I’ve been sleeping for the whole day, I woke up and the first thing that shot through me was my stomach grumbling violently. I’m not sure how many hours its been peevish, all I care is that I was in Neverland, flying with the lost boys. Then, I saw my ever-reliable celphone (you don’t know how many times it had shed its life); I wanted to text him and tell him how much of an idiot he is. And I almost reconsidered my cousin’s offer of tormenting him, Kurt Cobain and his superficiality. Hah!

Its like this, the other night while boredom was at its peak in my system, a silly thought entered my silly mind: search for Kurt Cobain in Friendster. I was confident that it wouldn’t turn out any result—well, not at least with his information. But with my great shock and dramatic outburst…he had one. And stupid enough, it had his picture in it. That made me almost run to the toilet. All I could think was ARRRRGGGHHHHH! And all the other incoherent mutterings of a deranged person.

I like him—a lot (or should I say, I liked him?). He’s the first guy I liked after my tectonic-plate-moving-crash-and-burn relationship with another idiot. And I have specifications and conditions.

Is it wrong to have standards especially for the person that you’re going to offer almost all of your time? Boyet greatly disappointed me. He has a Friendster account. I know, I know that im being so overly dramatic about this.
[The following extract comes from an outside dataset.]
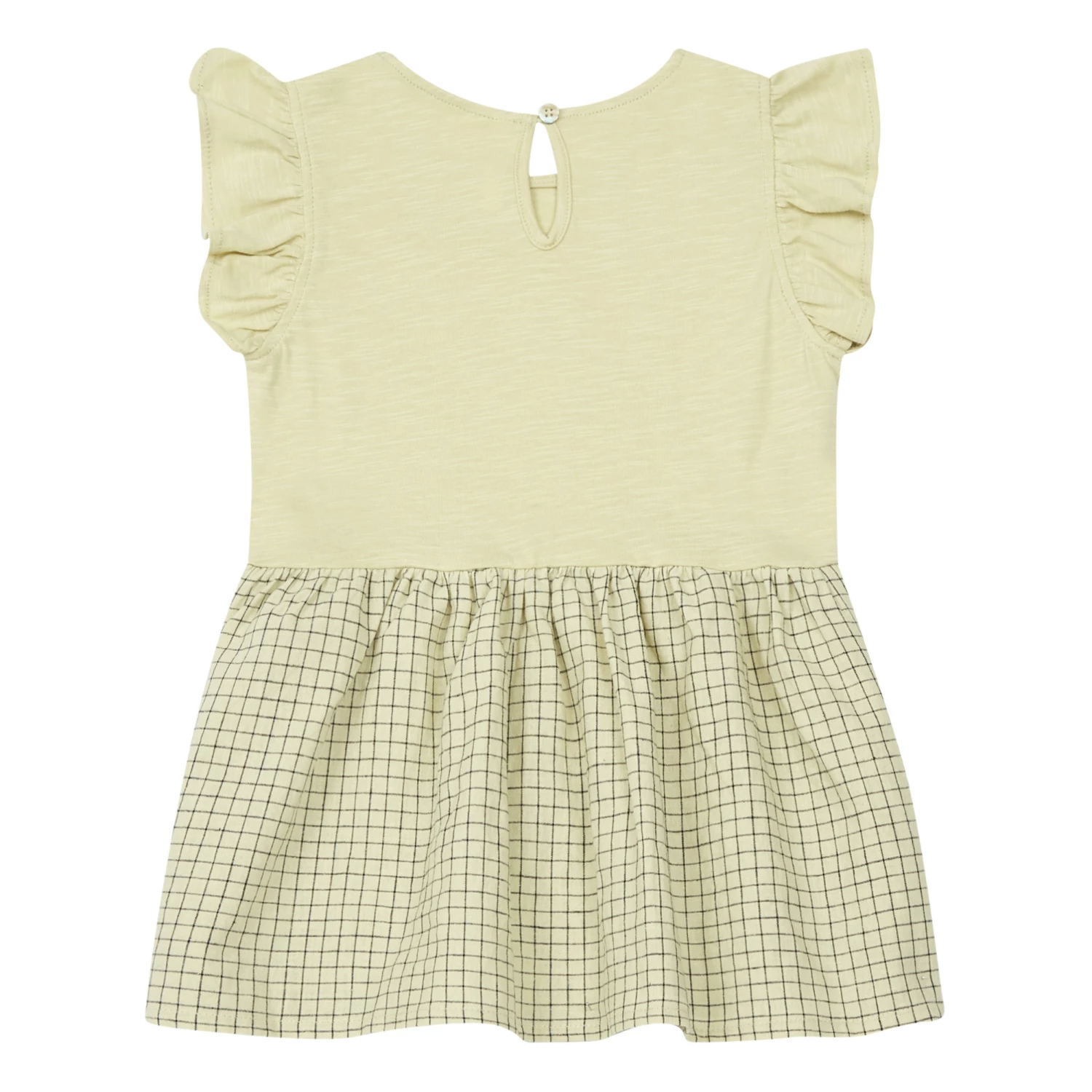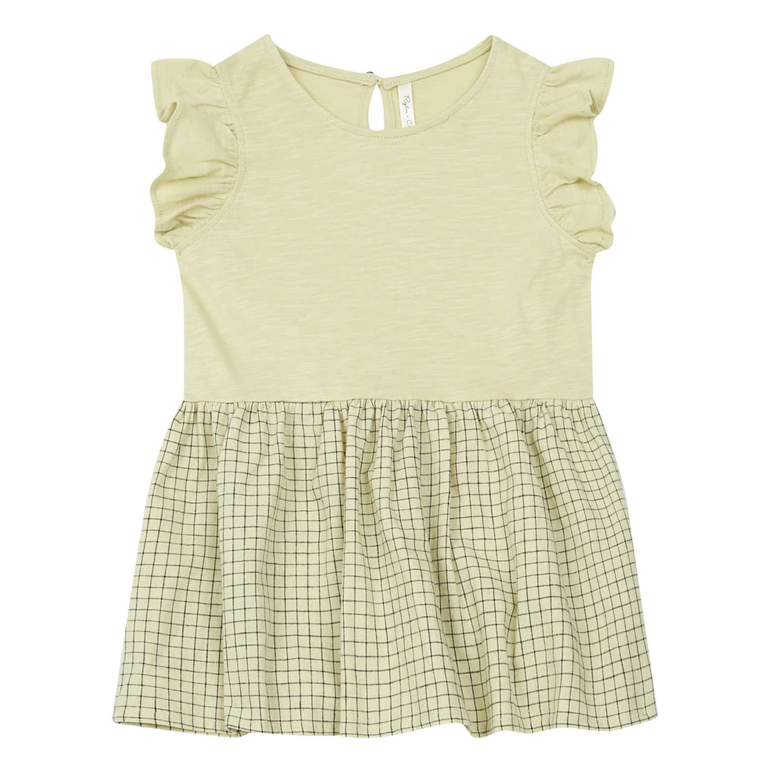 - Details : Checkered Print, Flared cut, Round neckline, Ruffle sleeves, Gathered waist, Keyhole back

My point here is that, if you’re going to present a specific persona or crowd like rockers in a grunge band, you at least have to act like a full-pledge rocker-in-a-grunge-band, meaning: NO FRIENDSTER or anything jolog-ic manifestations or affiliations (so what if I have friendster? I like the stuff that the ‘indie’ crowd has). That, being a rocker with tattoos, hair not shorter than your Mom’s and the only color recognized are the shades near oblivion—black, you must uphold the reputation and bring forth unity amongst all the other rockers who’s been zealous and protective of your mutual crowd. You do not allow any infestations of psuedo-rockers that after slamming, jamming, and a ton of head banging with co-rockers, ends up wearing the over-baggy pants and the cap worn backwards like Eminem. I know, I’m protective of my own social crowd and reputation—I’ve become an anti-social person so, I protect myself therefore, I’m my own crowd.

My friends look at me in wonderment, asking why I’m making a big of a deal out of this ‘unexpected’ circumstance. I just look at them in contempt and full of hostility. Its just plain wrong. And they back off. Message received.